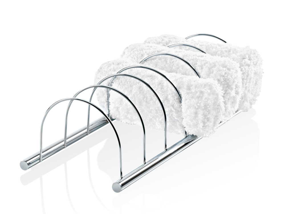 Elegancki uchwyt na ręczniki o ażurowej konstrukcji z profilowanymi w łuk poprzeczkami do przechowywania 6-ciu sztuk ręczników gościnnych.
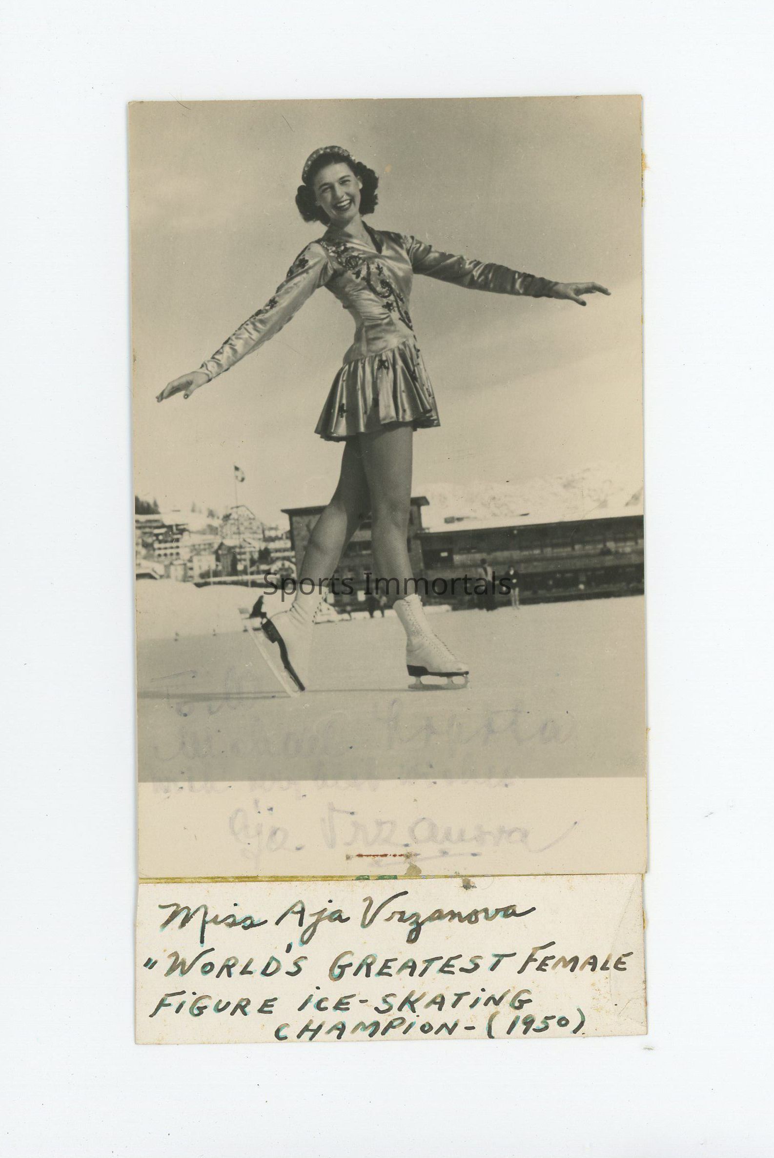 Autographed Photo Of Former Czech Figure Skater. Vrzáňová Is A Two-Time World Champion And 1950 European Champion.
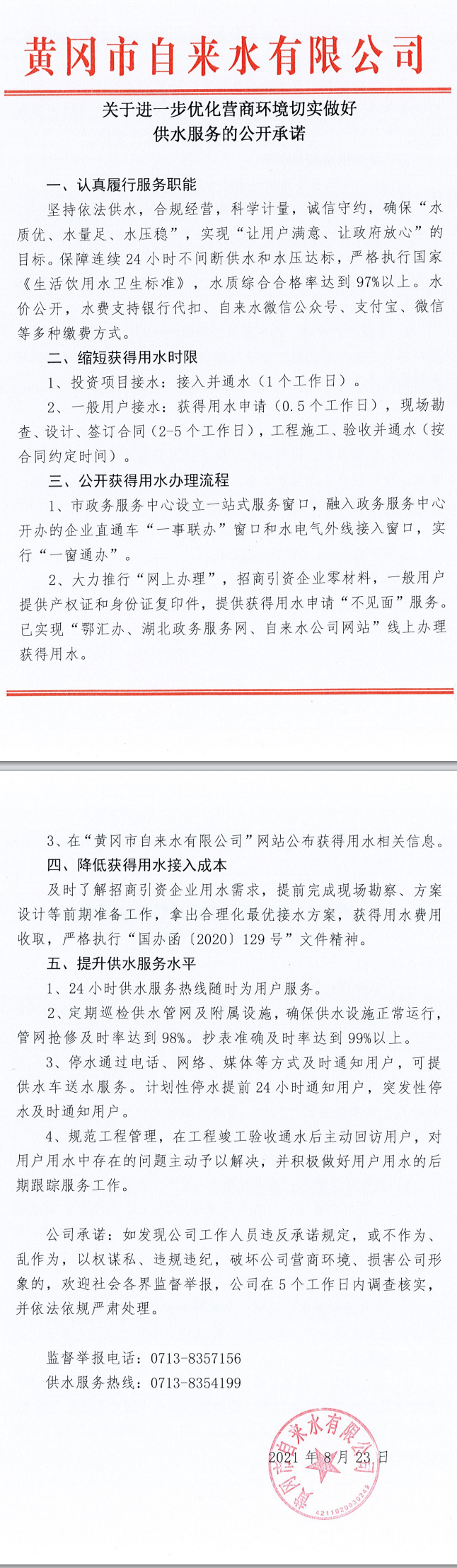 關(guān)于進一步優(yōu)化營商環(huán)境切實做好供水服務(wù)的公開承諾
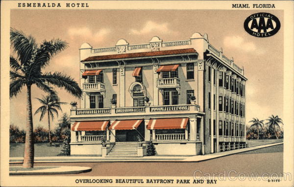 | The Esmeralda Hotel is located on Biscayne Boulevard at 5th Street. This is a hotel of quiet dignity, refinement and pleasant surroundings - Near enough to the business section for convenience, yet far enough away to avoid the downtown noise - Open year around - Moderate rates |
++++++++++++++++++++
EXERCISE BRIEF:
Nothing but the lines from the line with "Autographed Photo Of" through the last line of the listing above should be repeated, and pictures should be left out.

YOUR SOLUTION:
 Autographed Photo Of Former Czech Figure Skater. Vrzáňová Is A Two-Time World Champion And 1950 European Champion.
 關(guān)于進一步優(yōu)化營商環(huán)境切實做好供水服務(wù)的公開承諾
 | The Esmeralda Hotel is located on Biscayne Boulevard at 5th Street. This is a hotel of quiet dignity, refinement and pleasant surroundings - Near enough to the business section for convenience, yet far enough away to avoid the downtown noise - Open year around - Moderate rates |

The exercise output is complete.